All engines are very easy to set up locally on a server or PC, most provide Docker images for one-line setups. So we won't focus on that. Rather on what makes them special.
Below we give a overview of open-source routing engines we've worked with in the past (thus is not at all complete) and highlight some of their properties. Note, this table is only referring to the capabilities of the core routing engine (without additional software/add-on's) when it's deployed locally on a server/computer. The score-based attributes (with stars) are meant to be relative to the worst/best candidate and are somewhat subjective. The more stars, the "better", i.e. 5 stars for RAM requirements is a good thing (needs little RAM).
|Dynamic vehicle attributes|
|RAM requirements 4||*||***||****||*||*****|
Initially a KIT project led by Dennis Luxen and Christian Vetter, the back-then rising star Mapbox quickly became aware of the highly performant routing engine, hired Dennis Luxen and took over the main development. In 2019 they dropped maintenance of OSRM after hiring some Valhalla engineers and driving its development. Currently, a small, but dedicated, group of contributors maintains and develops OSRM. Activity on feature development has definitely dropped significantly in the last 2 years, but there's still amazing features being added, e.g. this PR.

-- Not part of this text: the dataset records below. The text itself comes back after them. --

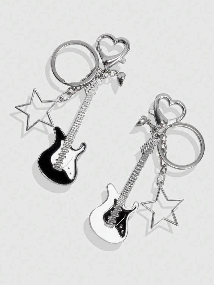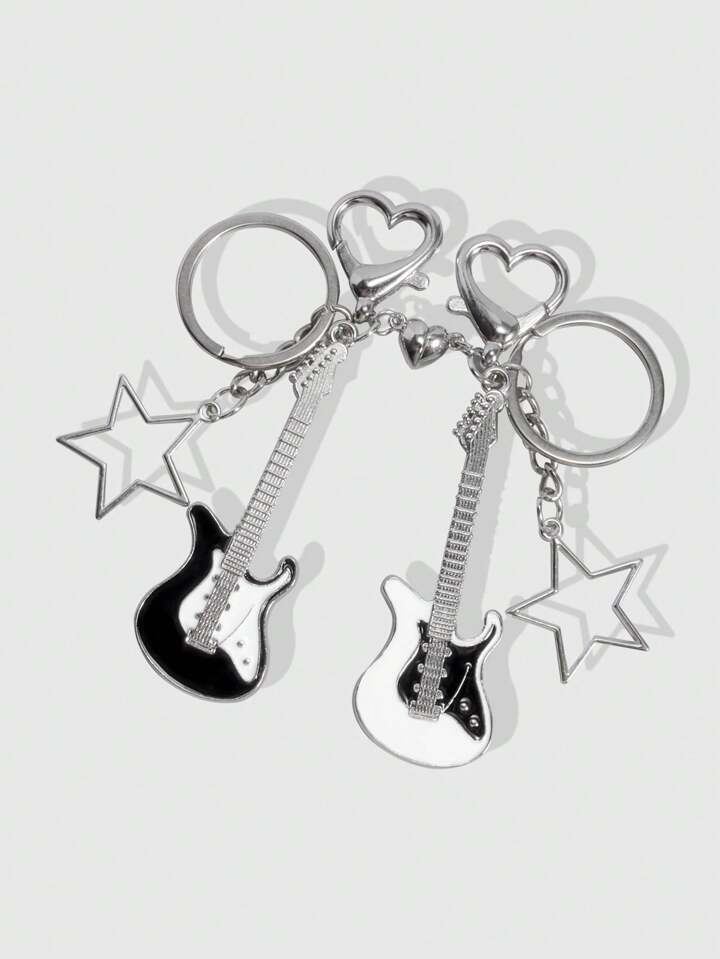 Grunge Punk 2pcs Y2K Guitar Keychain, Suitable For Couples Or Friendship Keychains
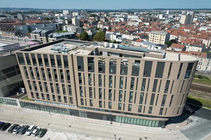 Ensemble de bureaux au sein d’un immeuble contemporain, implanté dans un environnement urbain mixte (services, commerces, logements, hôtellerie et équipements). Accès rapide aux transports et aux principaux axes. Accessibilité Proximité gare Reims Centre Accès gare TGV Champagne-Ardenne Connexion directe aux grands axes autoroutiers Paris à environ 40 min en TGV (selon horaires) Environnement & services Quartier structuré : équipements publics, commerces, logements, hôtel Présence d’espaces de loisirs à proximité Dessertes transports en commun Immeuble / prestations Construction à démarche éco-responsable Terrasse végétalisée Prestations de finition premium (hors cloisonnement) Sécurité : contrôle d’accès + interphone Plateaux Surfaces de bureaux lumineuses, volumes aérés Configuration adaptable selon aménagements preneur
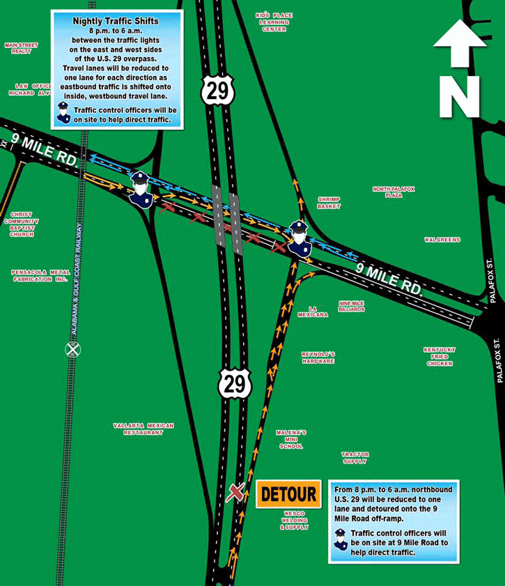 Tonight, drivers traveling Highway 29 and Nine Mile Road in Escambia County will experience changes in traffic patterns from 8 p.m. to 6 a.m. as crews continue preparations for bridge work and drainage improvements. Traffic control officers will be on site to help direct traffic.
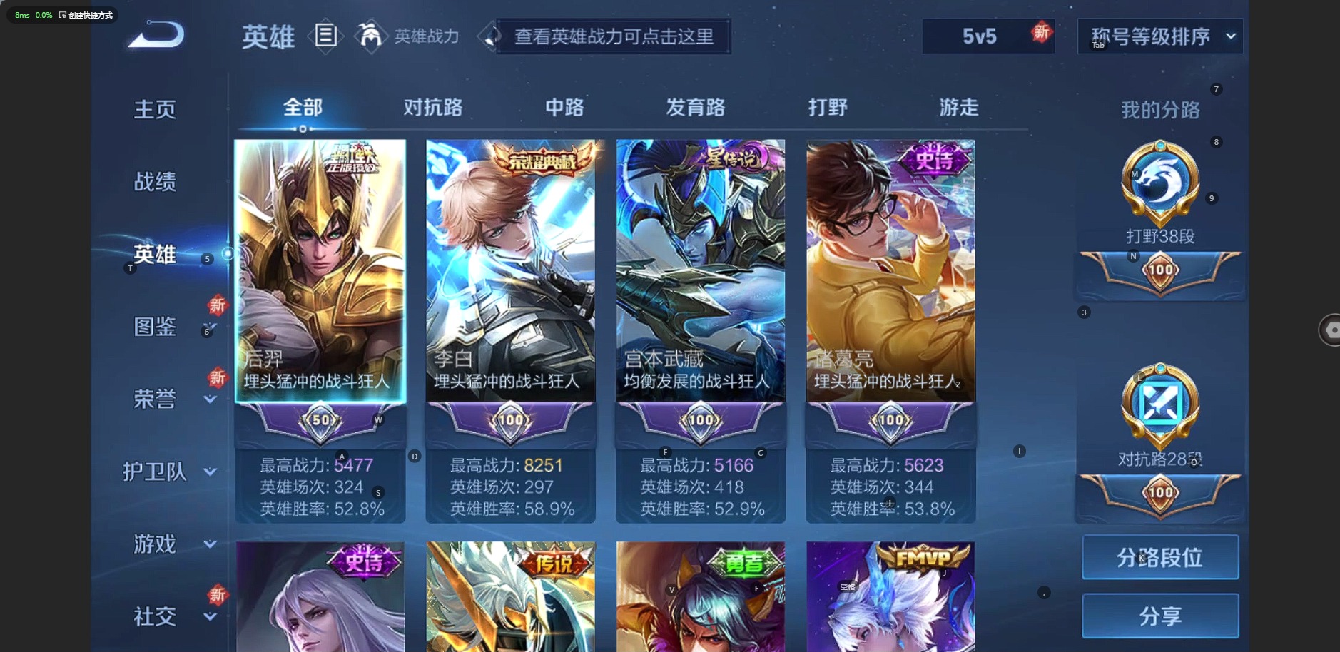 - [9736812]王者荣耀-安卓QQ 贵族贵5 星元皮肤1 传说皮肤4 史诗皮肤26 皮肤数量153 皮肤价值:83544 英雄124 至尊星耀II 总场次3381 【内测皮肤】1 孙尚香_蔷薇恋人【星元皮肤】1 幽冥之眼 【传说皮肤】4 嬴政_玄雷天君 澜_愿照九州拓 桑启_鸣野蒿 宫本武藏_地狱之眼 【史诗皮肤】26 阿轲_化蝶舞 牛魔_星界战将 狂铁_龙之律动 赵云_皇家上将 孙悟空_至尊宝 花木兰_水晶猎龙者 上官婉儿_梁祝 阿轲_迷踪丽影 阿轲_节奏热浪 程咬金_功夫厨神 刘禅_天才门将 蔡文姬_舞动绿茵 兰陵王_暗隐猎兽者 夏侯惇_乘风破浪 貂蝉_圣诞恋歌 露娜_紫霞仙子 吕布_圣诞狂欢 孙尚香_水果甜心 项羽_苍穹之光 赵云_未来纪元 甄姬_冰雪圆舞曲 蒙犽_百解令 云中君_纤云弄巧 蔡文姬_繁星吟游 狄仁杰_鹰眼统帅 【其他皮肤】123 露娜_命运加冕 戈娅_玫蓝誓约 达摩_爆裂喵拳 少司缘_灵卦秘语 东皇太一_金福满堂 西施_雪境奇遇 太乙真人_谧流熔炉 影_魅影绮裳 典韦_铁骨偃魂 苍_苍林狼骑 东皇太一_噬灭天穹 米莱狄_怪诞之夜 亚瑟_动物派对 姜子牙_天穹之誓 周瑜_熔金海岸 刘邦_剑破天穹 盘古_经纬探寻者 程咬金_无双福将 铠_龙域领主 阿古朵_布丁狗之约 钟馗_虚灵犬护 张良_灵野札记 雅典娜_潮玩士官长 小乔_秘证寻踪 项羽_海滩派对 钟无艳_春野之旅 刘邦_夺宝奇兵 鬼谷子_天穹祈灯 张良_古海寻踪 鲁班大师_探海日志 裴擒虎_擒涛扼浪

- Performance: This is where OSRM really shines in all its glory! Routing takes a few ms, even for long routes > 1000 km. The Matrix API can deliver millions of results in mere seconds.
- Infrastructure: There's a good collection of related open-source projects around OSRM: the frontend, its Node bindings and C++ library, and their navigational instructions package, plus a lot of community tutorials, add-on's and so on.
- Customizability: Profiles in OSRM are defined as Lua scripts, a fairly simple scripting language. It provides many examples and ready functions to use when defining new profiles or adapt existing ones. It's a pretty low-barrier, powerful way to modify profile definitions and even OSM attributes. Here's a small adaptation of an official Lua script to scale the maximum allowed speed for road segments which fall into the boundaries of a user-specified GeoJSON!
- Traffic: OSRM can update speed records in its graph via simple CSV files, which can be used for regular traffic updates.
- RAM requirements: The full pre-processing pipeline for the OSM planet file takes > 250 GB of RAM (can be reduced with some tweaks), per profile. However, at runtime (i.e. when firing requests), this is reduced to ~35-40 GB.
- Flexibility: OSRM is not a good choice if you want give some road attributes different weights per request (e.g. to avoid highways or tolls). All weight information is baked into the graph and can't be assigned dynamically.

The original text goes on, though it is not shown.